Some of the topics discussed below are dated now, but the opinions are still the ones I hold about so much of where we as a nation have found ourselves recently on the international stage. 


I don’t often comment on many political things these days; I did more often back in 2015. The Iraq War and its repercussions are topics with which I feel I have some level of expertise and experience which qualify me to share my opinions. 


“Several sad observations from a liberally-minded ex-military member... I was amused by the response of some liberals who criticized the movie "American Sniper" for not highlighting the wrong-headed premise for going into Iraq in the first place. 


As a military member, your job is to do your best to come out alive and to keep your colleagues in arms alive, to the best of your ability, while trying not to cause undue harm to innocents.

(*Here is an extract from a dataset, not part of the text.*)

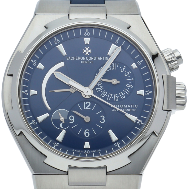世界3大腕時計メーカーの一角、ヴァシュロンコンスタンタンの定番スポーツライン「オーバーシーズ」。パワーリザーブ表示、ナイト&デイ表示を備えた人気モデルです。裏蓋には、イタリアの探検家にして地理学者であるアメリゴ・ヴェスプッチの帆船がエングレービングされています。
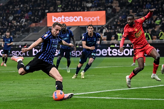 San Siro Stadium. Round of 16 of the Coppa Italia Freccia Rossa. Inter vs. Venezia. Davide Frattesi shooting. Milan, Dec 3rd 2025, Credit:Nicola Marfisi/AGF / Avalon

By the time forces are sent in to fight, it does not make sense to ask a sniper to question the bigger picture in each moment of life or death struggle. 

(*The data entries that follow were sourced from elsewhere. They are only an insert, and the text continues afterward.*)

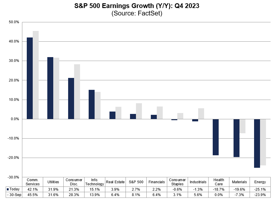 $SPX is expected to report Y/Y earnings growth of 2.7% for Q4 2023, which is below the estimate of 8.1% earnings growth on September 30.
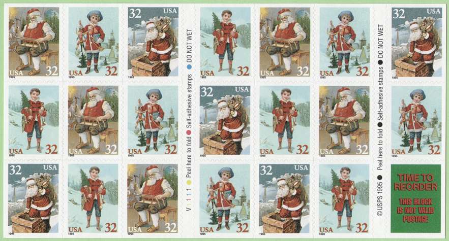 | Marginal Markings | Plate Numbers · "Peel here to fold · Self-adhesive stamps · DO NOT WET" · "©USPS 1995" |
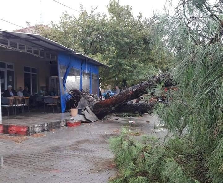 Hortum çıktı, bazı ağaçlar evlerin üzerine devrildi. Ekili alanlar ve zeytin ağaçları büyük hasar gördü.

Now we see in Iraq a development that justifies boots on the ground, but due to past choices, we are politically hamstrung, and financially impotent even in Europe, where old-style Russian thinking threatens while leaders have been hiding their heads in the sand. 


The lesson of Iraq is one of choosing your battles, and of how choosing the wrong ones can force the hands of politicians and young men and women for generations. We should be fighting ISIS on the ground, but we wouldn't be facing that threat in its current form if we'd just stayed in Afghanistan in 2003.  


So much of what we see today in the Middle East could have been circumvented if we would just have had a backbone in our dealings with Israel over their illegal settlements and crimes against humanity aimed unjustly at the Palestinians. We should have supported the protesters in Bahrain. We should have supported the democratic process in Egypt. We should be supporting Ukraine against Russian "separatists." 


We should be supporting the US Constitution against domestic enemies, but our military has become irretrievably intertwined with the biggest domestic enemy of the spirit of that sacred document. 


A great dichotomy exists in the reality that while we are still a great nation, with amazing potential to do good for ourselves and for humankind, in another disturbingly trivialized sense, the terrorists of 9/11, whether inspired by a misguided view of religion or by covert funding, have won a major victory over the "we" that we once were. If you can't see that, then you aren't paying attention. 


End of my soapbox rant for tonight.”


~ as written February 4th, 2015.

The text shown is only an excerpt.